Sunday, December 14, 2014

Unions Just Got A Big Legal Victory Handed To Them By… Clarence Thomas?

In writing the opinion of Integrity Staffing Solutions Inc. vs. Busk et. al, Justice Clarence Thomas clearly was not thinking about handing unions a powerful new tool for unionizing. Instead he was thinking about how it was fine for any company to restrain and employee for hours each week without any compensation. But, in his wording, he may have just struck down right-to-work laws nationwide without realizing it.
These arguments are properly presented to the employer at the bargaining table, see 29 U.S.C., 254(b)(1), not to a court in an FLSA claim.
Per this section of US Code, the issue of a workplace retaining an employee without compensation for hours each week is one which must be handled in negotiations between the employer and the employee, their agent or their collective bargaining representative.
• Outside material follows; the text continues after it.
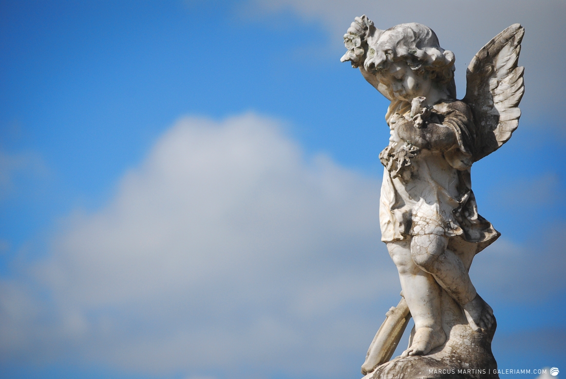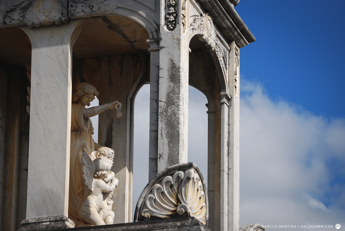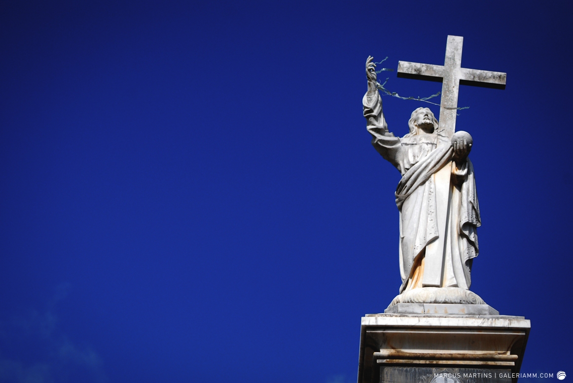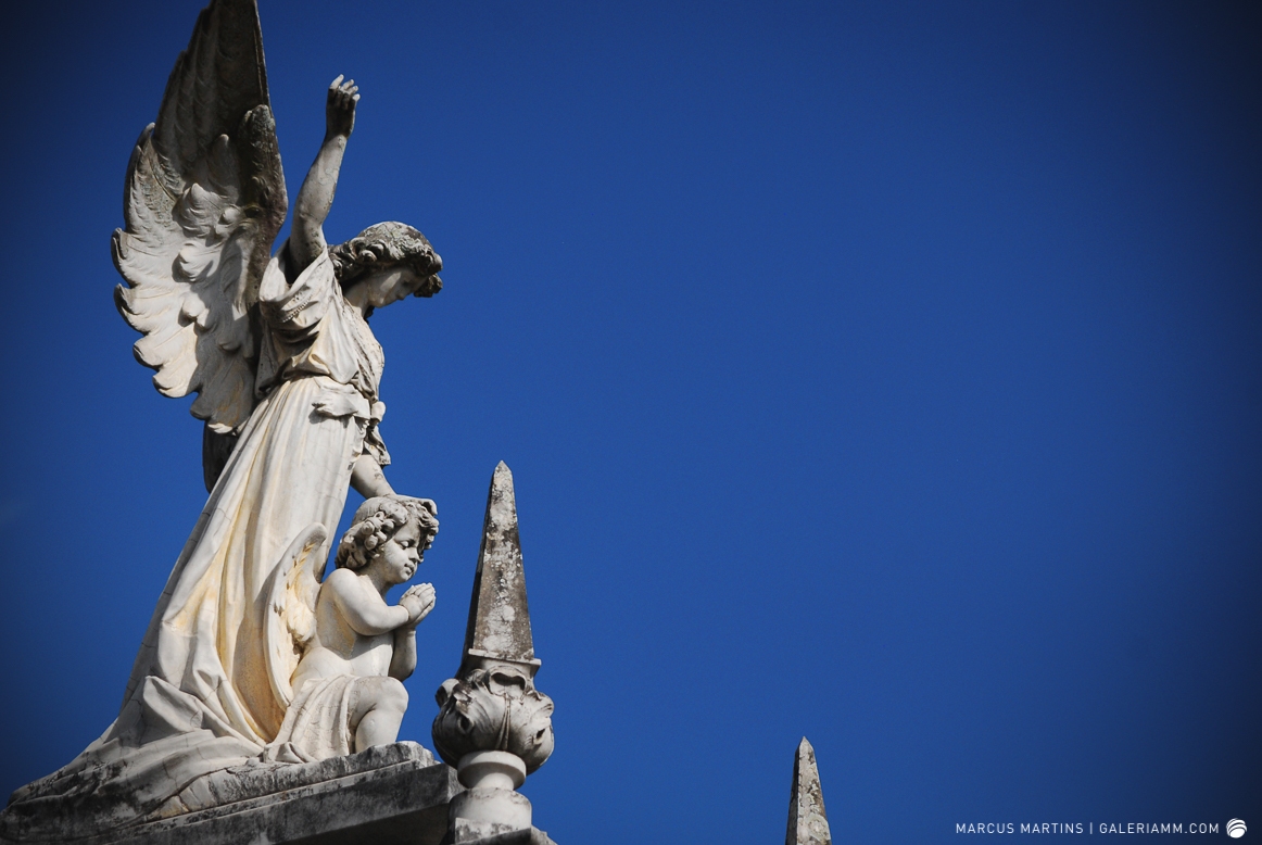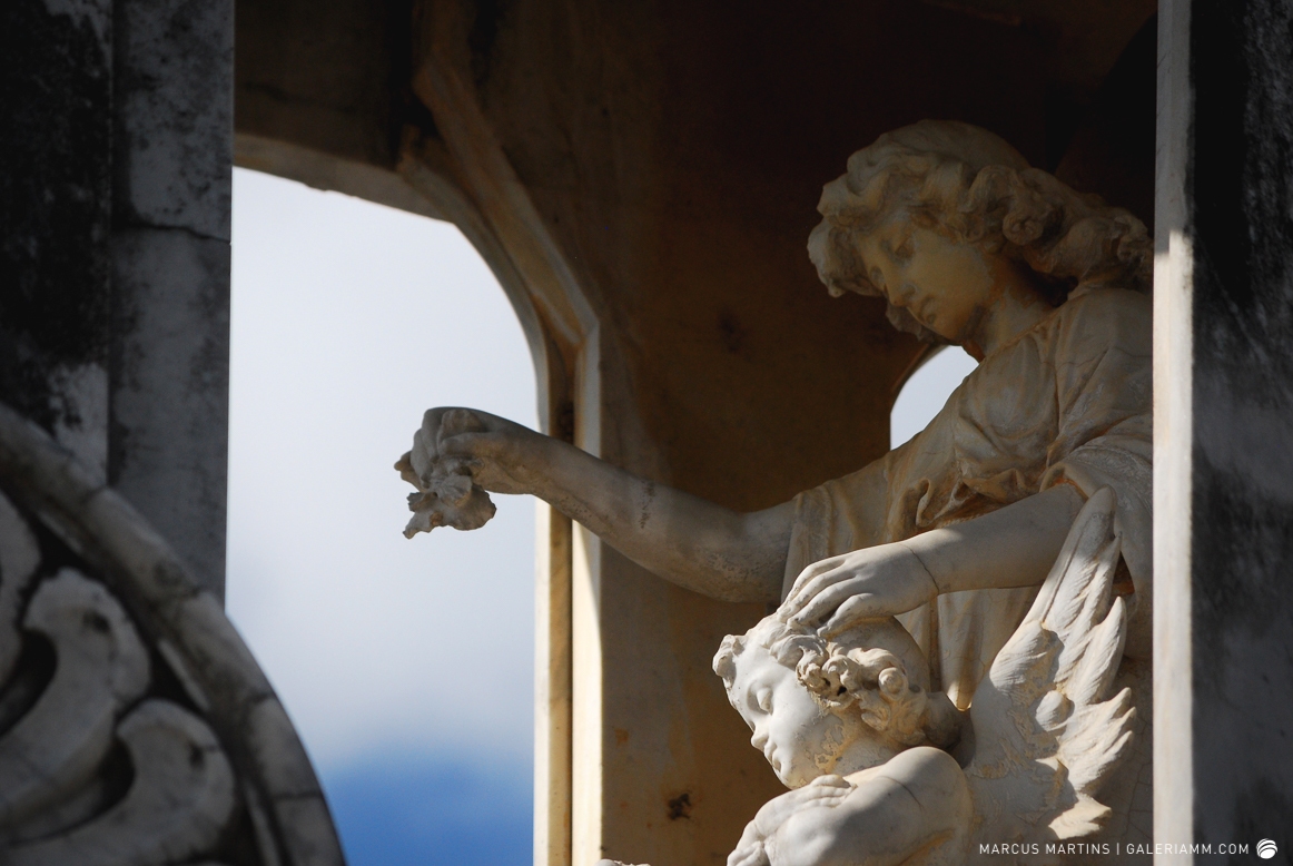 Pode parecer estranho, mas caminhar pelo cemitério em busca de detalhes de arte tumular e histórias de mortos é uma experiência gratificante. Ao passar em frente ao local, me chamou a atenção a escultura de um anjo. E, como o portão estava aberto, entrei. Fiquei observando um pouco o local antes de começar a fotografar. Vi um cachorro descansando em cima de um túmulo e esse foi o primeiro tema a ser capturado. Daí, a andança continuou entre leituras de lápides e fotos de jazigos e esculturas. Nos túmulos das primeiras fileiras, muitos dos que contribuíram para o desenvolvimento de São João Nepomuceno e, hoje, emprestam seus nomes às ruas e espaços públicos da cidade. Uma ótima aula sobre a história local. E quanto maior fora a importância e presença econômica e política da pessoa, melhor o acabamento e a localização da sepultura. No alto do morro, o espaço reservado para os menos abastados, com túmulos menos rebuscados e mais geométricos.

This statement, as simple as it is, has a lot of weight behind it due to the nature of the case behind it. By retaining the full text of the Fair Labor Standards Act (FLSA), combined with this decision, the entire workplace dynamic for collective bargaining just changed overnight.

The case itself involves contractors at an Amazon warehouse facility, who can take considerable time each day to go through security checkpoints in order to leave their jobs. The warehouse itself is not unionized, and Amazon is firmly against unions.

Clarence Thomas just put into a court decision that workplace issues involving compensated time must be handled in negotiations, the cornerstone of collective bargaining and unions, and not the courts. By blocking the courts, but with FLSA itself upheld This also means that companies can no longer fail to engage in negotiations, relying upon the courts to handle such matters – the Supreme Court just ordered them to the bargaining table. Tactics to block unionizing now can, and will be considered unconstitutional per this decision.

Laws like Right-To-Work, where an employee can avoid joining a union, now no longer can apply in the way intended. The Supreme Court just ordered people to the bargaining table, the Union representative, with but a few short words.